Well AF showed up a couple of days early on Tuesday  Was also up at St Mary's, London on Tuesday. DH came along too, which made a nice change! Con seemed to take me more seriously and be more proactive with DH there!! Had routine scan to check on cyst, and turns out it has collapsed! Was re-scanned by a more senior Dr, for a 2nd opinion and seems it has indeed collapsed! Lots of fluid in pelvis, (contents of cyst). So being re-scanned in 3 months, so things have time to settle down, then if still same, (they have no idea at this stage, whether it will get totally re-absorbed, re-fill or a new one grow), have an HSG and see if right tube has unblocked at all and check left is still open.

DH got his job and starts Monday .......approx 7 min walk to work! One extreme to the other!!! So got to get used to a yet another new routine again.

Sinus infection a lot better, but still bunged up at time and snotty others! May need to go see GP

Will try and catch up properly at the weekend, (lookin' nice and hot according to forecast - yehah!!), but in meantime  to all and *Caddy*, good to se ya back, *Delores*... hon, hope it's good news and *sailaice*...sniff, sniff!!! ........


----------



## KT4UK (May 4, 2004)

Hi all.....

I still have (.)(.) ache!!! I dont want to get my hopes up thow. Another thing i have been soooo hungry!!!!

Hope your all well will catch up tomorrow

Katie xxx


----------



## brandi (Jan 11, 2006)

Thank you again for the warm welcome. with each day i am growing less optimistic, doesn't feel like any thing is brewing. this morning i feel every normal except for the sluggish feeling the gestone gives me. I will be so surprised if i am pg. i have such high hopes for this pregnancy. I wanted to do things that i didn't get to do last time. I wanted to treat my self and enjoy every moment, not like the first time when i was so nervous and jumpy. I think i will be utterly devastated if i am not pg, as this is my very last attempt.    
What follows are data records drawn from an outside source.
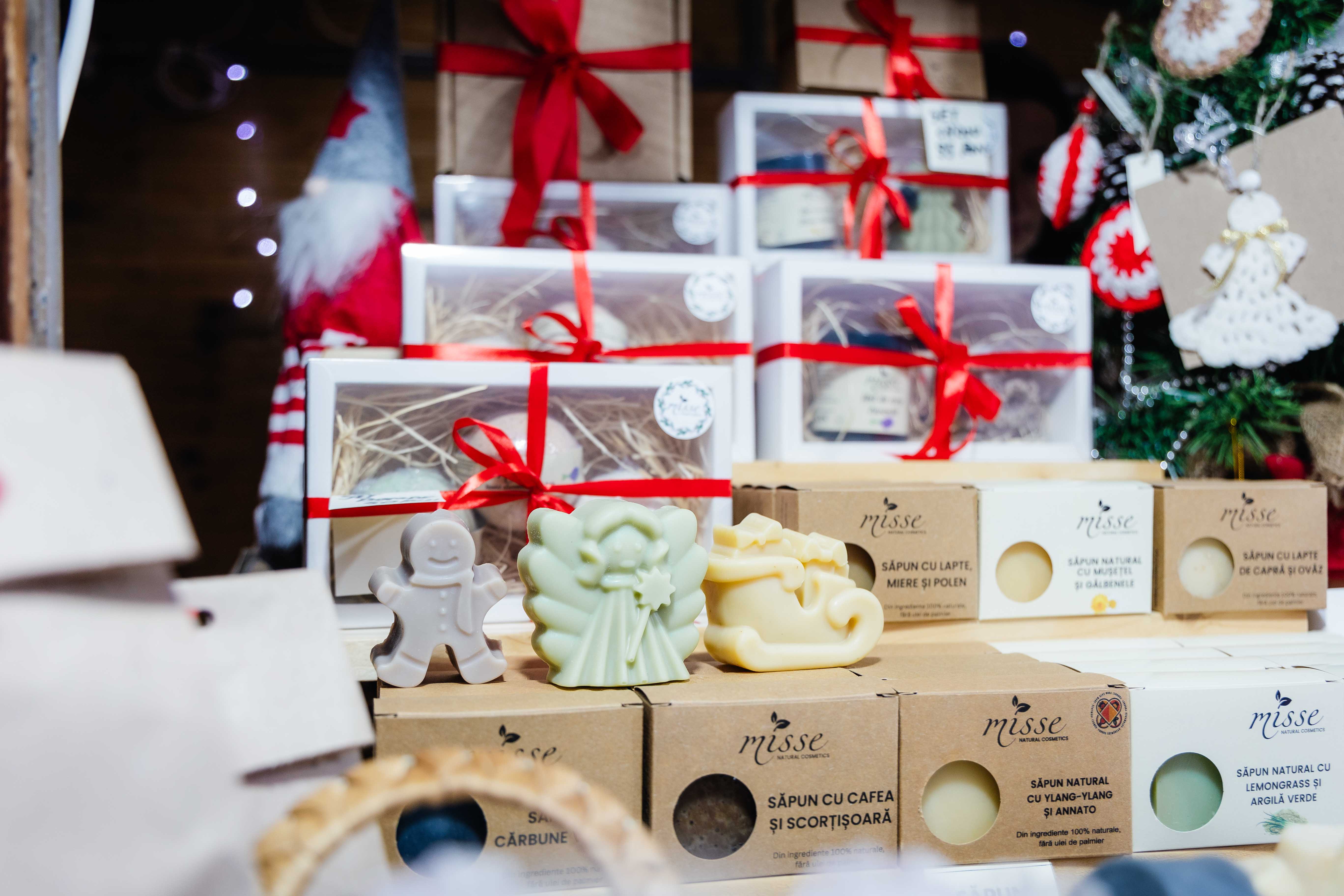 Căsuțele celor 30 de meșteșugari și producători, cu o varietate de creații autentice, decorațiuni, suveniruri, vor fi o excelentă sursă de inspirație în alegerea darurilor de Crăciun.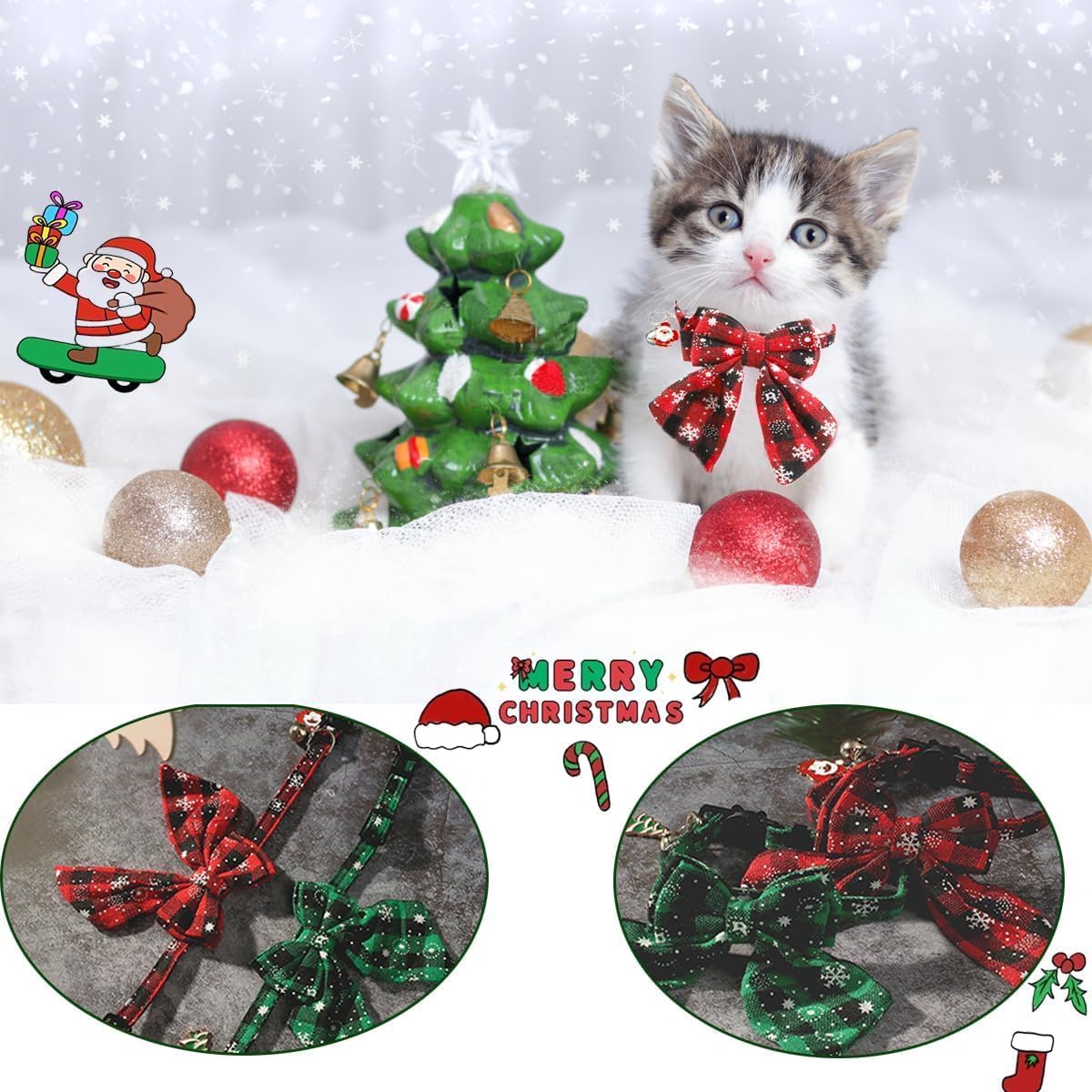 Комплект от 2 коледни нашийника за котки, регулируем нашийник с панделка, червено-зелени карирани нашийници със снежинки, регулируем нашийник за коледен костюм на котенца и кученца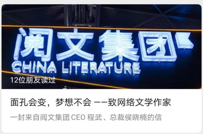首場(chǎng)懇談會(huì)后,閱文集團(tuán)新管理層宣布改革舊合同。微信文章截圖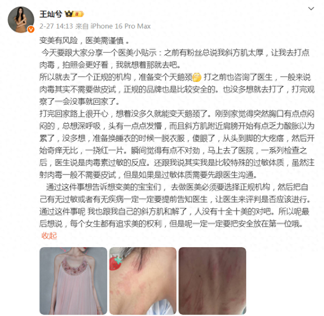 王灿此前因粉丝多次评论“斜方肌过厚”,选择前往正规机构注射肉毒杆菌,希望通过医美改善体态。但注射前未主动告知医生自身是过敏体质,且未进行皮试(常规操作中肉毒素注射通常无需皮试),导致药物引发全身过敏反应。 注射后数小时内,王灿出现胸闷、头晕、皮肤瘙痒等症状,随后全身遍布红疹,背部抓痕触目惊心。紧急就医后被诊断为肉毒素过敏, 医生指出 其体质特殊需提前沟通,否则可能危及呼吸系统。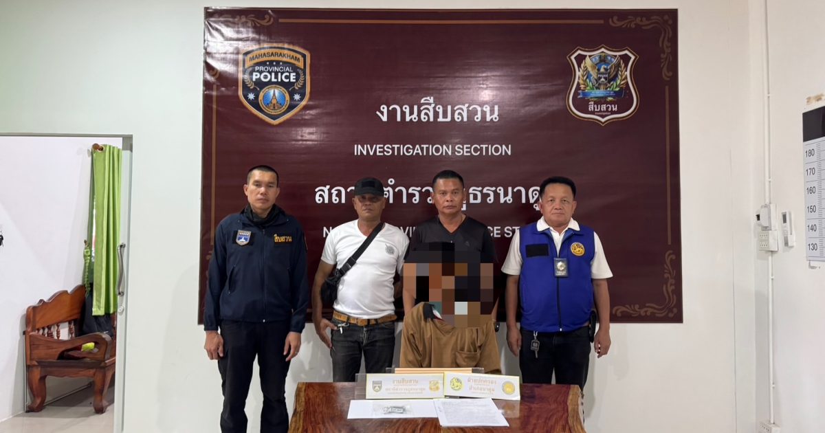 สถานที่เกิดเหตุ/จับกุม : กระท่อมนาไม่มีเลขที่ด้านทิศเหนือบ้านหนองป้าน ต.หนองคู อ.นาดูน จ.มหาสารคาม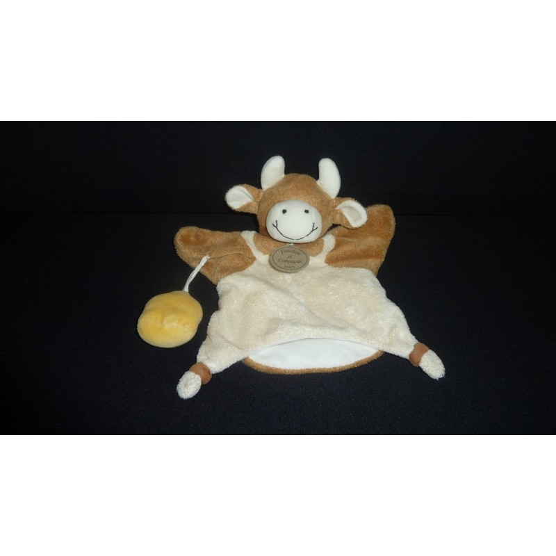 Description du doudou : Doudou marionnette vache, tient un grelot. Doudou super doux. Etat : Très bon état (juste petites taches sur un coin), produit original.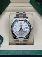 Rolex’s Datejust is the archetype of the classic watch thanks to functions and aesthetics that never go out of fashion. Launched in 1945, it was the first self-winding waterproof chronometer wristwatch to display the date in a window at 3 o’clock on the dial, and consolidated all the major innovations that Rolex had contributed to the modern wristwatch until then. The Datejust has spanned eras while retaining the enduring aesthetic characteristics that make it so instantly recognizable. A paragon of robustness and elegance, the Oyster case of the Datejust 41 is guaranteed waterproof to a depth of 100 meters (330 feet) and is equipped with calibre 3235, a movement entirely developed and manufactured by Rolex.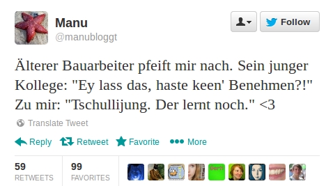 Heute in Pankow: Ich laufe an einer mit 3 Bauarbeitern besetzten Baustelle vorbei. Ein älterer Bauarbeiter hält beim Arbeiten inne, gafft. Unangenehm. Genau, als ich vorbei gehe, pfeift er auch noch. Jaja, nett gemeint und so, schon klar, kein Sexismus, schon klar, ich sag ja auch nichts, geh einfach vorbei, 100 x erlebt, die Sonne scheint und ich weiß ja, „es soll doch ein Kompliment sein“ und „ich soll mich nicht so haben“. Das Sagen übernimmt für mich aber doch jemand – der junge Kollege des Bauarbeiters. Der ruft nämlich in breitem Berliner Dialekt seinem Kollegen zu: „Ey lass das, haste keen‘ Benehmen?!“ – und sagt darauf noch zu mir: „Tschullijung. Der lernt noch.“

i wonder if any has every lost their appetite instead of getting really hungry in early pregnancy?
i hope every one is doing well, is any else here awaiting testing? 
Brandi


----------



## Nix76 (Aug 2, 2006)

Morning 2ww'ers !

How's everyone doing today?  Nothing going on with me really - don't think it will have worked this month    DH is convinced it will and although I love him for being so positive about it, I don't want to get caught up in it with him cos I don't think I could handle the crash back down to earth when that bloody witch shows up.  However, it aint over till she shows, so     for us all.

Sorry for no personals - at work and have to keep minimising the screen so hard to keep up!   to all 

Nix


----------



## brandi (Jan 11, 2006)

NIX,
i am not going to tell you that don't worry because that would very very hipicritical of me, so what i will say is that you know your body and what is happening. But i also think that if you adopt a negative out look it does affect your out come. So me personally refuse to take tyhe defeat just yet. 

How are you feeling, why are you sure it's over? when is your offical test date? i will keep you in my thoughts.


----------



## Nix76 (Aug 2, 2006)

Hi Brandi,

I just find it hard to belive that it will ever happen after 6 years, but then again that was all ttc naturally and now I'm on clomid so who knows!!  I test on 5th may according to the nurse, but that would make quite a short cycle for me so I might try and hang out for a few more days. DH said more or less the same as you last night about negative attitude so I must try for this final week of the 2ww to be more positive.  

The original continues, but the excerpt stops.